INTRODUCTION

In its pamphlet "Development of Radiation-Resistant Semiconductor Devices for Space Applications," JAERI states, "Artificial satellites in the Van Allen Belt are exposed to energetic radiation. These satellites are equipped with many varieties of semiconductor devices, which are very sensitive to different types of radiation. Thus, the mission life and reliability of satellites are limited by the radiation damage inflicted on the devices. Using JAERI's ion beam irradiation facility (TIARA) adapted for simulating the radiation environment of space, we have been studying radiation effects on semiconductor devices for space application and developing new radiation resistant semiconductors."

Dr.
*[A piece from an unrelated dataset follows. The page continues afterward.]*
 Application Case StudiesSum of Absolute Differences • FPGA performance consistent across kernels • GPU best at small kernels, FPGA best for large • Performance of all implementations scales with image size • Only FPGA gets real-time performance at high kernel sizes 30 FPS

Hagiwara, the Director General of the institute, indicated that JAERI has been engaged in the development of space and radiation hard high temperature devices. JAERI is a semi-national laboratory, a 92% government funded facility that is open for the use by industrial and small business partners.

WHY SiC?

For space applications, the United States seems to be ahead in the high temperature radiation hard electronics that will be needed. SiC is being pursued to demonstrate 100 times the alpha ray resistance that Si presently is capable of. SiC will find applications in total dose tolerance and single upset event resistance with major targets being the high temperature and high power device area. The institute estimates and demonstrates the technical potential of SiC and encourages private sectors to adopt this technology. Japan Science and Technology Corporation (JST) acts as a liaison for commercialization of inventions from the government sector. When private companies wish to use JAERI inventions, collaboration occurs. JAERI also collaborates with the electrotechnical laboratory under MITI. There is no collaboration with the United States at the moment. Some work in cooperation with the University of Erlangen in Germany is in process. Silicon-based device technologies lack the radiation hard qualities required of space electronics.
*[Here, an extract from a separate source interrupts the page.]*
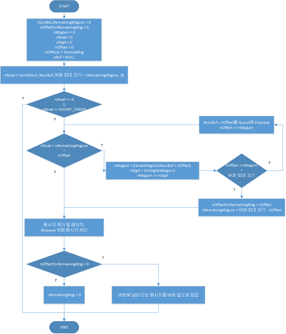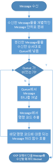 이처럼 간단한 기능만을 수행 하도록 만들어졌기 때문에 Main Server로 부터 IOCP 방식이 아닌 일반적인 동기 모드의 recv 함수 호출을 통해 데이터를 단방향으로 수신 한다.

Takasaki Radiation Chemistry Research Establishment

Various R&D activities of radiation applications are conducted using large Co-60 irradiation facilities and accelerators for electron and ion beams. Through these activities, many useful results have been produced in such fields as environmental conservation and upgrading of polymers using electron beams and gamma rays. Further R&D of advanced radiation technology is in progress by fully utilizing the ion beam irradiation facility.
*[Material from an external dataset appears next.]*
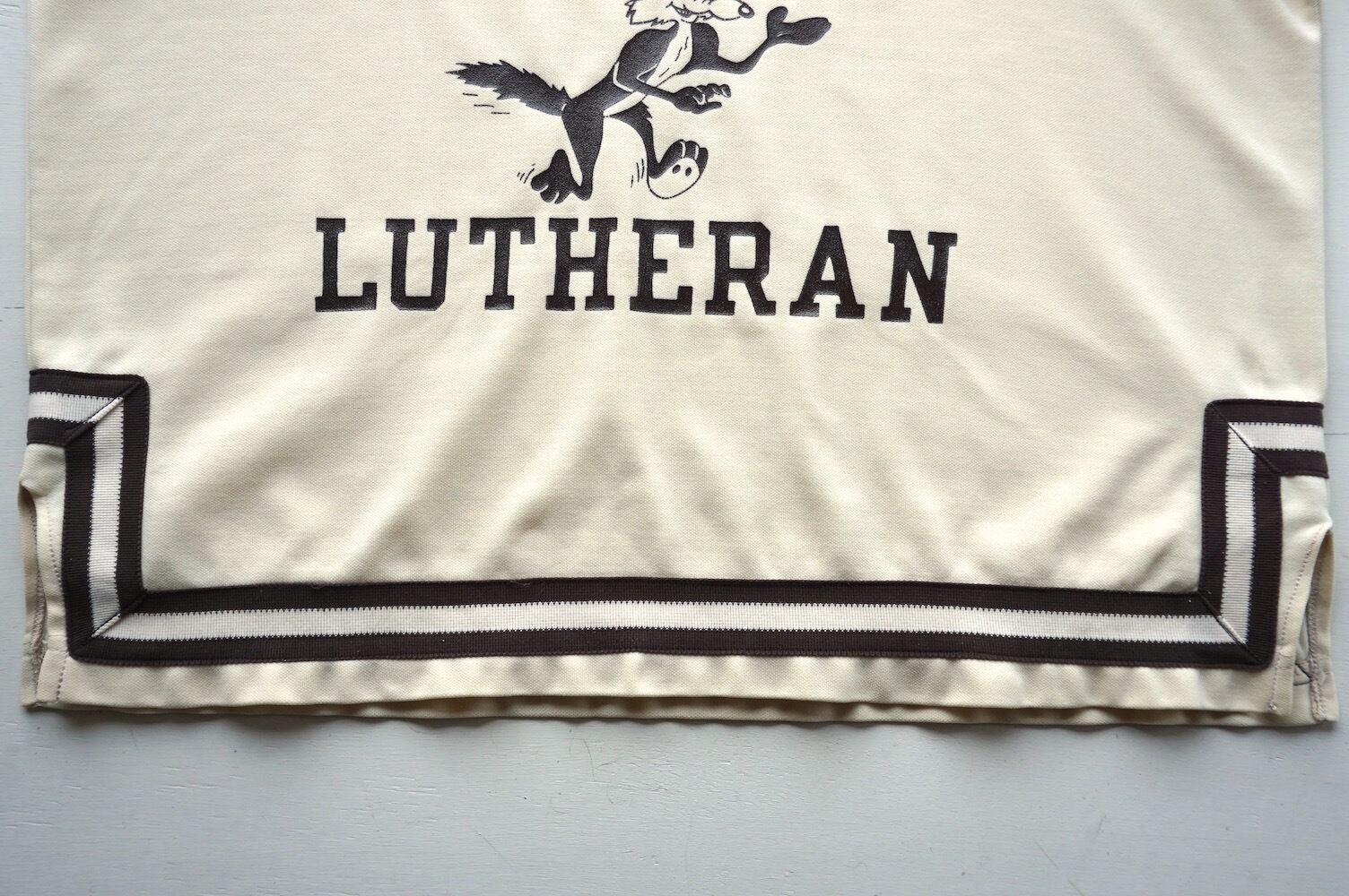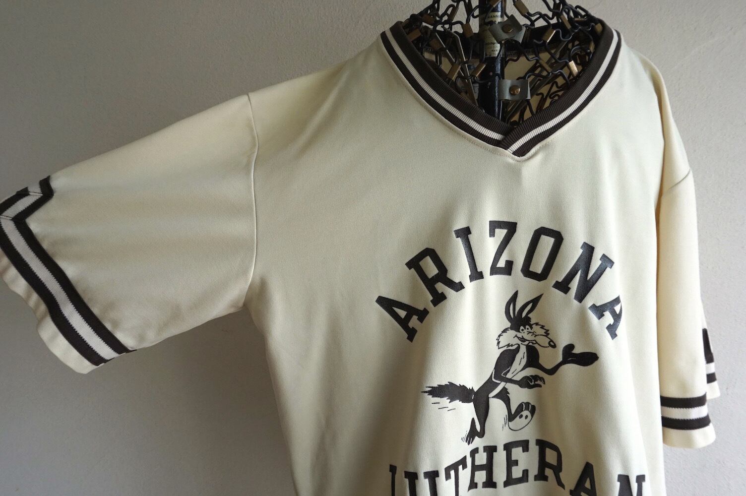 1980’s USA製 [Champion] "ALA COYOTES" ワイリー・コヨーテ 3段プリント アスレチックTシャツ ベージュ系 表記(M) Arizona Lutheran チャンピオン ヴィンテージ レア

Professor Dmitriev gave a presentation of the status of SiC high temperature materials and electronics in the United States. Chris Clarke discussed microwave devices formed of SiC and Professor Michael Shur discussed the modeling and fabrication of GaN-based electronics.

WHAT IS THE CRYSTAL ORIENTATION OF SiC, GaN, AND AlN GROWTH?

Mostly a 6H (0001) orientation on the Si face is needed for the substrates to grow nitrides.

ARE THERE ANY RADIATION RESEARCH STUDIES ON THE RADIATION RESISTANCE OF NITRIDES?

Radiation hardness is a new area, but the bond strengths of nitrides are very high, which provides both wide bandgap and radiation hard properties. Dr. John Zolper has performed ion implantation studies at Sandia. Some implantation studies for making p-n junctions in nitrides at the Russian Ioffe Institute have been reported, but p-type doping is difficult at present.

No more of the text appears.